Покажите нам эти быстрые изменения в современном мире. И последнее, что требуют градуалисты, – это продемонстрировать быстрые эволюционные изменения на современных видах. А примеров таких совсем немало. И один – просто великолепный. Он касается блестящих опытов по одомашниванию сибирских серебристых лис{601}. В этих экспериментах, которыми руководил русский генетик Дмитрий Беляев, пойманных диких лис отбирали по признаку дружелюбности к людям, и к 35-му поколению вывели ручных лис, которых можно было брать на руки.
Я бы сказал, получилось весьма прерывисто. И здесь главная проблема в том, что это был искусственный, а не естественный отбор.
Любопытно, что в это время в Москве происходили события, прямо противоположные опытам с лисами, – в городе постепенно одичала тридцатитысячная популяция собак, которая начала складываться еще в XIX в. (а еще некоторые собаки прекрасно освоили московский метрополитен, чем и прославились){602}. Одичавшие московские собаки мало-помалу обрели определенную стайную организацию, стали избегать людей и хвосты больше не загибают вверх колечками. Другими словами, они превратились в нечто волкообразное. Скорее всего, первые поколения одичавшей популяции подвергались интенсивному отбору по этим признакам, и теперь их потомки составляют современные популяции[333]{603}.

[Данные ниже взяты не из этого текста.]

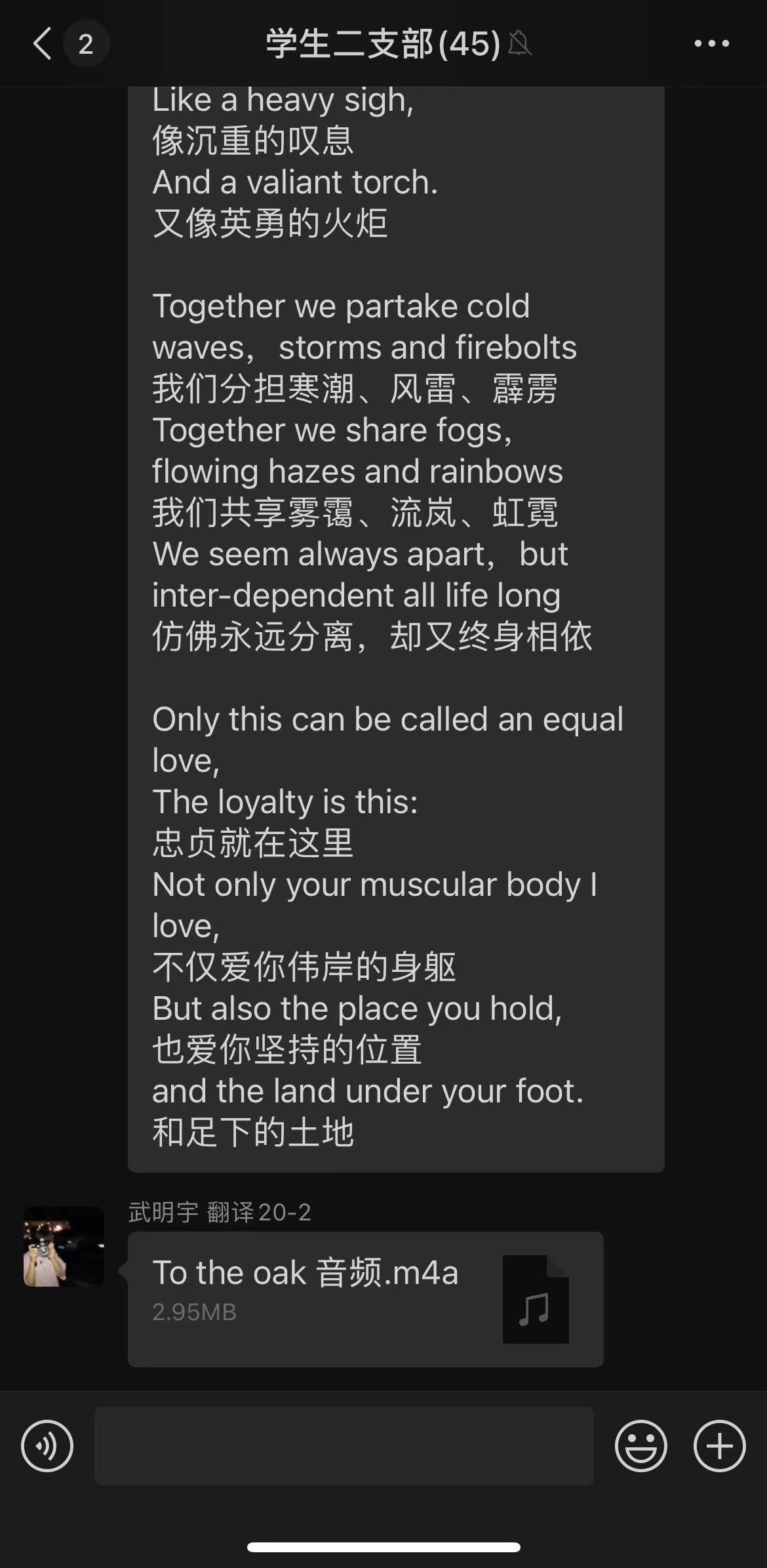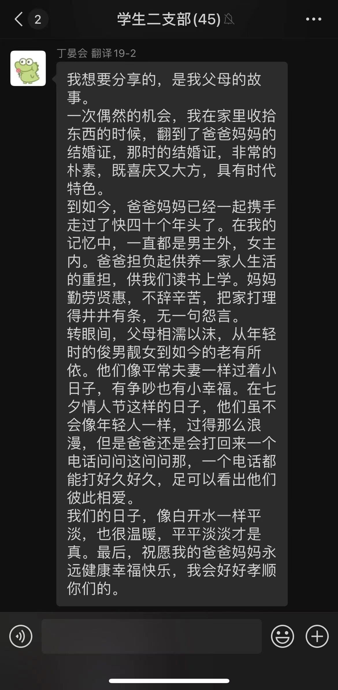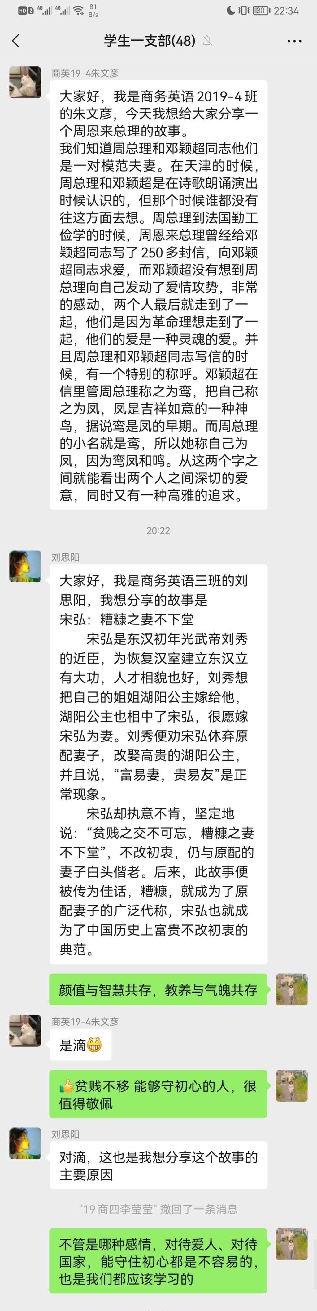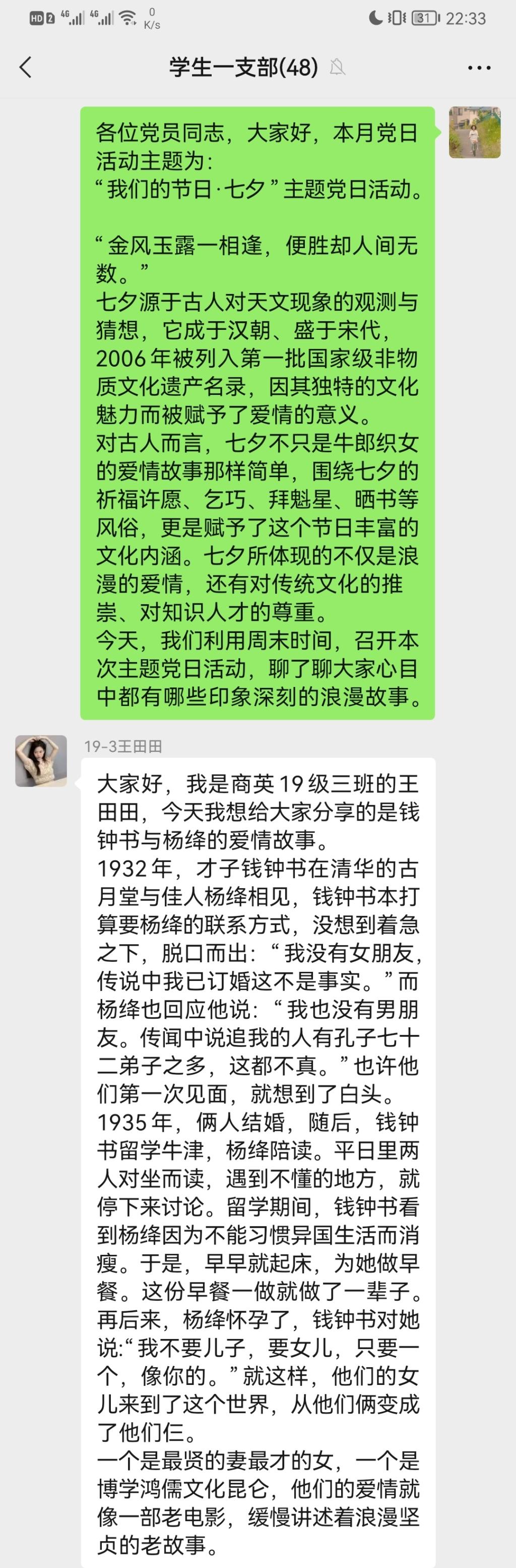 七夕源于古人对天文现象的观测与猜想,它成于汉朝、盛于宋代,2006年被列入第一批国家级非物质文化遗产名录,因其独特的文化魅力而被赋予了爱情的意义。对古人而言,七夕不只是牛郎织女的爱情故事那样简单,围绕七夕的祈福许愿、乞巧、拜魁星、晒书等风俗,更是赋予了这个节日丰富的文化内涵。七夕所体现的不仅是浪漫的爱情,还有对传统文化的推崇、对知识人才的尊重。活动中,几位党员一一分享了令自己印象深刻的爱情故事:朱文彦同志分享了模范夫妻周恩来与邓颖超的小故事,王田田同志分享了钱钟书与杨绛相识一眼便是一生的相濡以沫,魏清琳同志引用冰心与吴文藻的故事告诉我们有了爱就有了一切,徐志怡同志分享了胡适与江冬秀在旧式婚姻中也能保持幸福的故事,刘思阳同志我们讲述了“糟糠之妻”的来源和相关的传统爱情故事,石晨熙同志分享了奥德修斯与佩涅罗佩的真爱值得等待,王硕同志讲述了重庆的爱情天梯。大家对故事中的爱情观、婚姻观做了探讨。学生第二支部的多位党员同志也积极参与了分享。其中,丁晏会同志分享了父亲母亲四十年相互扶持、风雨同舟的婚姻故事,她认为最好的家风家教就藏在父母的言行里,藏在老一辈平凡的每一天里。李婷同志认为“七夕”不仅体现了人们对理想爱情和美满家庭的向往和追求,更传承发扬了中华民族家庭中强烈的责任心,她讲述了“海南最美家庭”吉英春用爱与责任守护瘫痪丈夫,不辞辛劳照顾家庭的感人故事。武明宇同志朗诵了英文版的《致橡树》,舒婷在诗中为我们描写了理想爱情的模样。真正的爱情,不仅爱你的外表,还爱你的灵魂;爱你的志趣追求,也爱你的理想信念。也只有这样的爱,才经得起风雨的考验。

Такое же быстрое изменение, но уже в человеческом генофонде, связано с пролонгированным действием лактазы. Лактазный ген мутировал, и в результате люди получили возможность переваривать молочные продукты, даже став взрослыми{604}. Новый вариант гена обычен среди популяций, где принято употреблять в пищу молоко – это скотоводческие народы, такие как кочевники Монголии или восточноафриканские масаи, но зато его почти не встретишь у племен, где молоком кормят лишь грудничков, – это китайцы и народы Юго-Восточной Азии. Пролонгированная активность лактазы эволюционировала быстрее, чем мгновение ока даже по геологическим меркам, – всего за последние 10 000 лет данное свойство установилось вместе с одомашниванием молочного скота (явление коэволюции).